Tuttavia, riteniamo che la BoE adotterà una funzione di reazione diversa rispetto alla Bce, rendendo meno probabili rialzi dei tassi nel Regno Unito, dato che il tasso ufficiale è già in territorio restrittivo e il gap di output si sta ampliando con l’indebolimento dell’economia.
A differenza del 2022, quando l’aumento dei prezzi energetici coincideva con un forte inasprimento della politica monetaria, l’economia nel 2026 è in condizioni molto diverse rispetto al periodo post-Covid e alla domanda repressa generata dagli stimoli precedenti.

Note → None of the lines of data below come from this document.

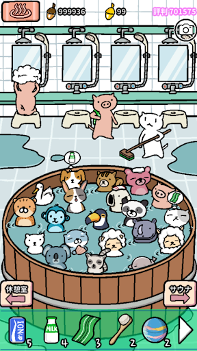 - 動物が増えるほど人気のスパになります。最高レベル達成にチャレンジしてみましょう。
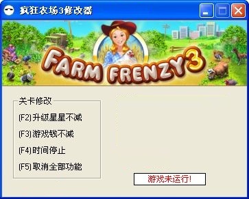 瘋狂農(nóng)場(chǎng)3修改器 綠色免費(fèi)版 瘋狂農(nóng)場(chǎng)3修改器是一款針對(duì)同名游戲開(kāi)發(fā)的輔助工具,它可以修改喲西中星星數(shù)量、金幣數(shù)量,也可以讓游戲時(shí)間停止,幫助玩家解決后面關(guān)卡難度比較大,難以通關(guān)的難題,讓游戲更加輕松自如。
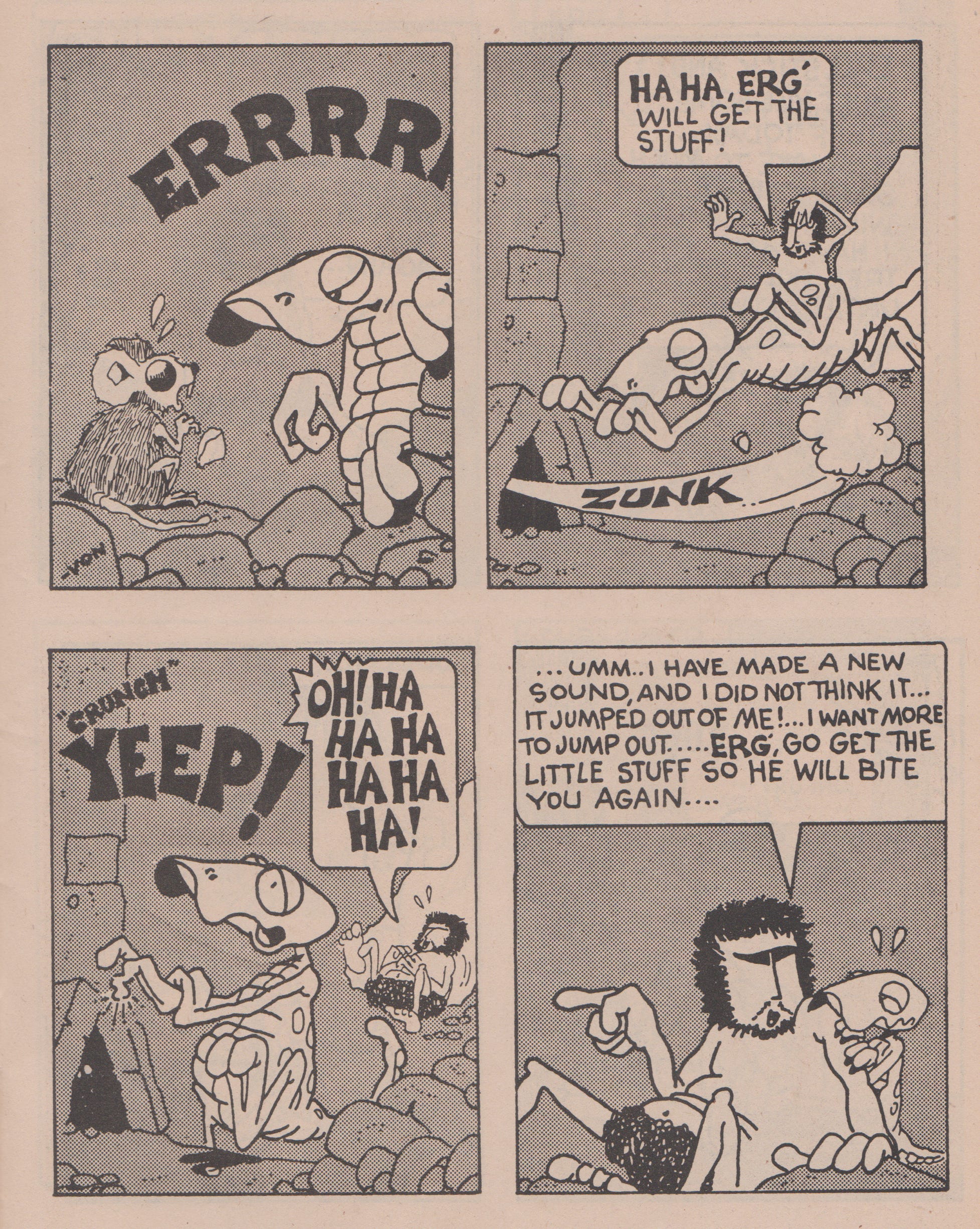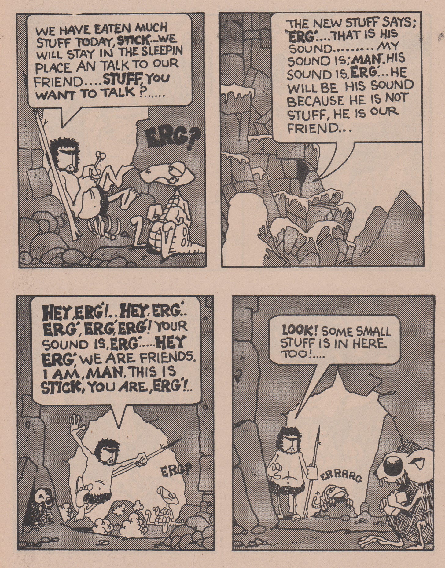These implications emanate visibly late into the second act when he encounters a small reptilian creature which, instead of eating, he takes in as a pet endearingly named Little Stuff aka Erg’ because of the sound it makes. In their brief time together, they develop a strong, almost inseparable bond and, for the first time, the caveman is depicted expressing genuine elation that transcends the panel borders into the readers’ hearts (or amygdala if technicality is your fancy). Likewise, heavy sentiments are felt when another man finds Little Stuff and slaughters him for sustenance, unleashing a previously unseen violent core of sheer fury that provokes the caveman to impale the other man.

Inoltre, nel 2022 le banche centrali erano in forte ritardo rispetto alla curva e partivano da tassi prossimi allo zero, mentre nel 2026 il contesto è molto diverso. Gli spread creditizi si sono ampliati nell’ultima settimana, ma per ora i movimenti restano ordinati, con le azioni che hanno tenuto meglio del previsto. Riteniamo che sia opportuno mantenere un approccio prudente.

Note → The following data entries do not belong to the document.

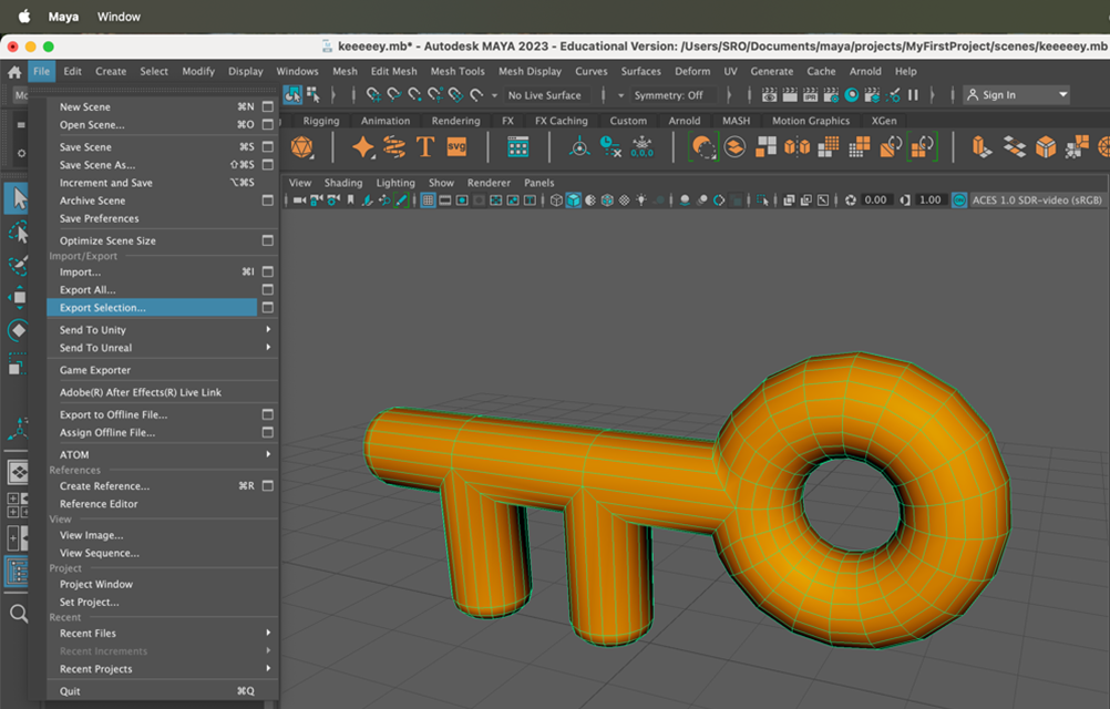 Export your collectable from Maya by selecting your object (Q) and clicking File > Export Selection.
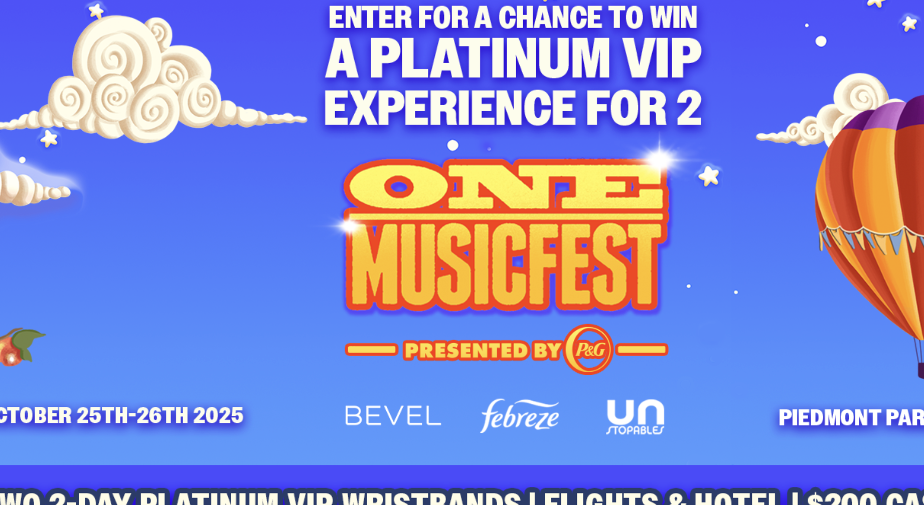 (1) Grand Prize: 4-day/3-night trip for two to the One Musicfest Festival in Atlanta, GA (Oct 25–26, 2025) including airfare, 3-night hotel stay, two 2-day Platinum tickets, and a $200 gift card for ground transportation (ARV $6,798)
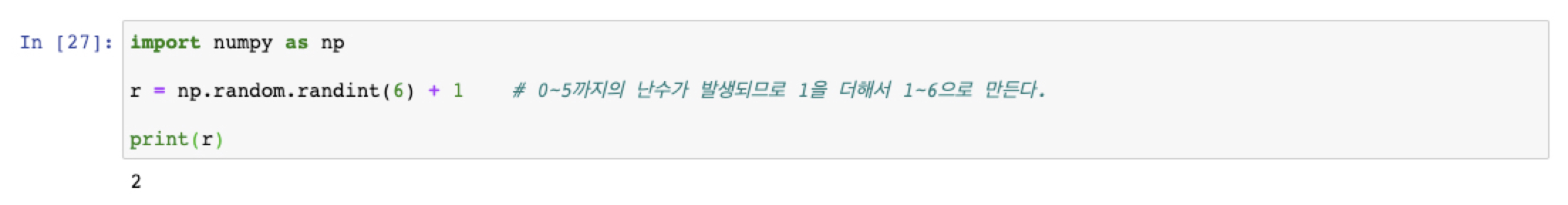 r = np.random.randint(6) + 1 # 0~5까지의 난수가 발생되므로 1을 더해서 1~6으로 만든다.
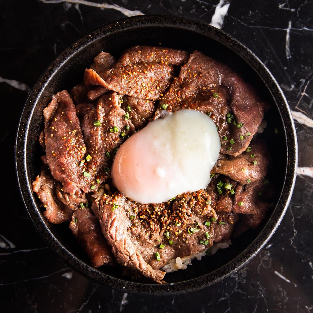 Marbled Australian wagyu slices with mirin sauce and 63° egg on Japanese Akitakomachi rice.
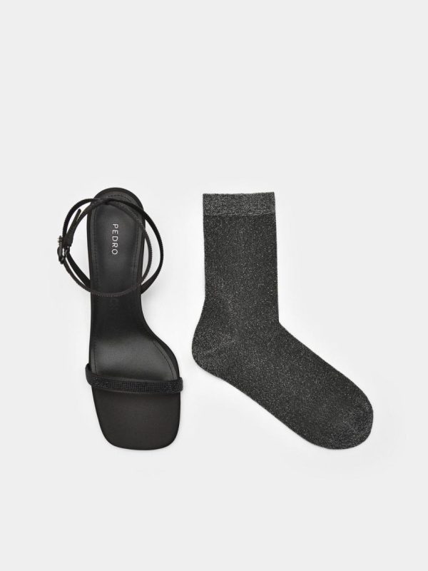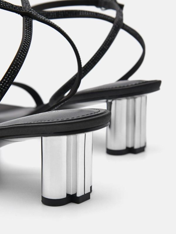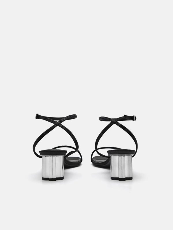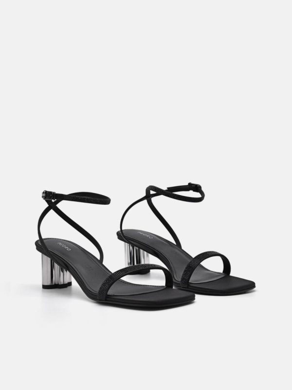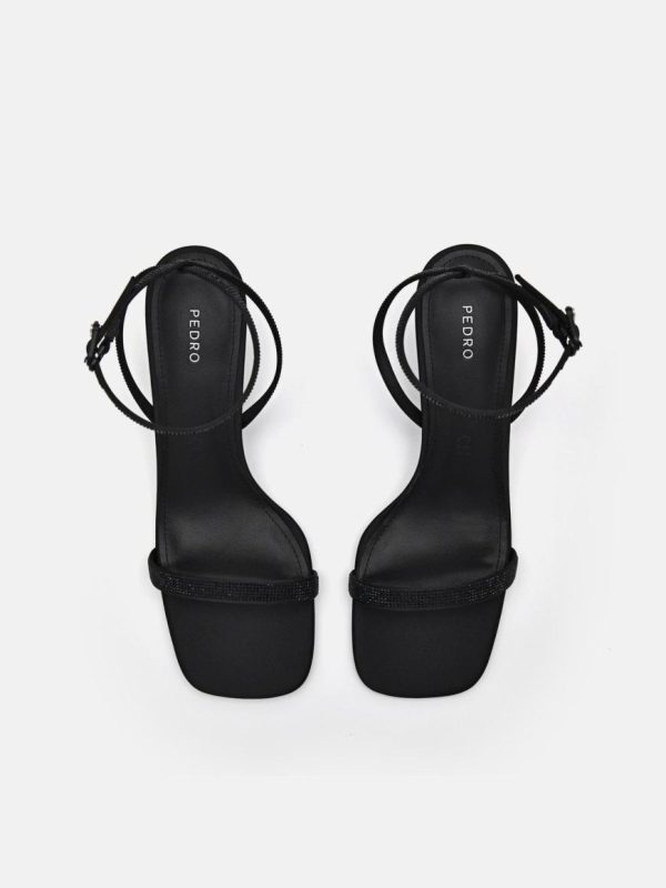 Meet the PEDRO Icon Satin Heel Sandals in sophisticated black, designed to elevate your style with contemporary elegance. These stunning sandals feature a sleek thin-strap design with a squared toe that creates a modern, fashion-forward profile. The standout detail is the brilliant silver heel meticulously crafted into the brand’s signature monogram, delivering a luxurious statement piece. An adjustable ankle closure ensures a perfect, secure fit while providing all-day comfort. Perfect for special occasions or adding a touch of glamour to your everyday wardrobe.
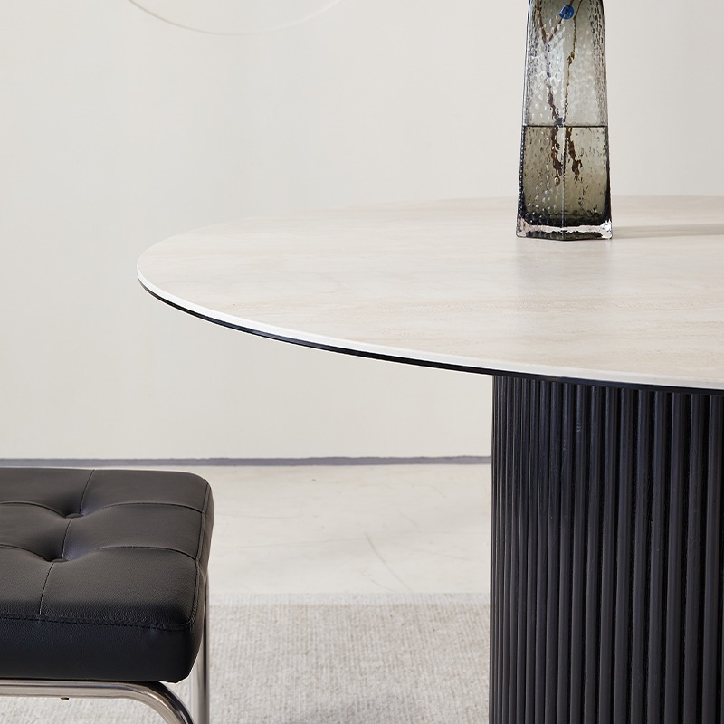Nordic solid wood round dining table,Coffee table,Minimalist cave stone slab surprise silent wind table
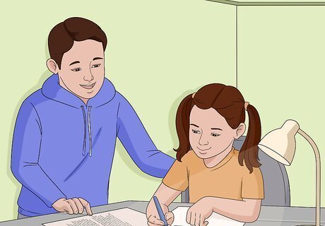 Help her with her homework. Since you’re older, you have a better understanding of schoolwork than your little sister. If she’s struggling with a math problem or has trouble spelling, offer to help her. Carefully explain the assignment and help her answer each question on her own. There’s a difference between helping someone and doing their homework for them. If you give her all the answers, she won’t learn anything.
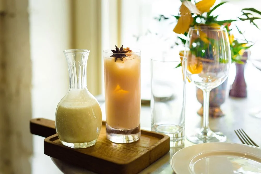 ШАГ 1 Ром, ликер, сироп и кефир взбить в шейкере со льдом. Отфильтровать через хайбол на лед.

I flussi hanno sostenuto le strategie creditizie nell’ultimo anno, in un contesto di forti emissioni nette. Un rischio è che, se gli investitori decidessero di ridurre il rischio nei portafogli, l’offerta non si riduca altrettanto rapidamente. In particolare, le emissioni da parte degli hyperscaler dell’AI difficilmente saranno sensibili ai prezzi.
Altrove, il credito privato attende da tempo un sollievo derivante da tassi più bassi. Poiché ciò difficilmente si verificherà, le crescenti tensioni nei mercati privati rappresentano un ulteriore fattore di rischio per le asset class creditizie.
Sul mercato valutario, il dollaro continua a beneficiare dei flussi verso i beni rifugio. Con gli Stati Uniti più protetti dallo shock dei prezzi energetici, questa tendenza potrebbe proseguire nel breve termine. Tuttavia, quando il conflitto in Medio Oriente si attenuerà, non ci sorprenderebbe vedere gli investitori globali ridurre l’esposizione agli asset statunitensi nei prossimi trimestri, il che potrebbe indicare una visione più ribassista sul dollaro nel lungo periodo.
Ciò potrebbe essere favorevole per gli asset dei mercati emergenti nel tempo, anche se nel breve termine gli investitori tendono prima a vendere e poi a porsi domande. Tuttavia, riteniamo che, dopo una fase di riduzione del rischio, l’attenzione si sposterà maggiormente sui vincitori e sui vinti relativi nei mercati emergenti.
In particolare, è interessante notare che alcuni Paesi esportatori di energia hanno registrato cali dei prezzi degli asset simili a quelli dei Paesi importatori. Questa maggiore dispersione dovrebbe creare diverse opportunità attive in termini di valore relativo.
Nel breve termine, gli sviluppi in Medio Oriente continueranno probabilmente a dominare le prospettive di investimento. Sappiamo però che il conflitto giungerà a una conclusione e, quando ciò diventerà evidente, segnerà un importante punto di svolta per i mercati.
Dopo aver ridotto il rischio, la sfida principale sarà individuare il momento giusto per rientrare.
Alcuni potrebbero essere troppo frettolosi nel cercare il punto di svolta e ci sembra che, al di fuori dei mercati dei tassi, non vi sia ancora stata una vera capitolazione del rischio. Se ciò dovesse avvenire, una posizione a basso rischio consentirà di reagire più rapidamente e con decisione.
Dobbiamo però evitare falsi segnali di ripresa e riconoscere che, in un mercato in cui il “buy the dip” è così radicato, esiste un rischio concreto di correzioni molto più profonde delle valutazioni. Ciò potrebbe verificarsi se questo approccio venisse messo in discussione e se gli stop loss venissero attivati su scala molto più ampia rispetto a quanto osservato finora.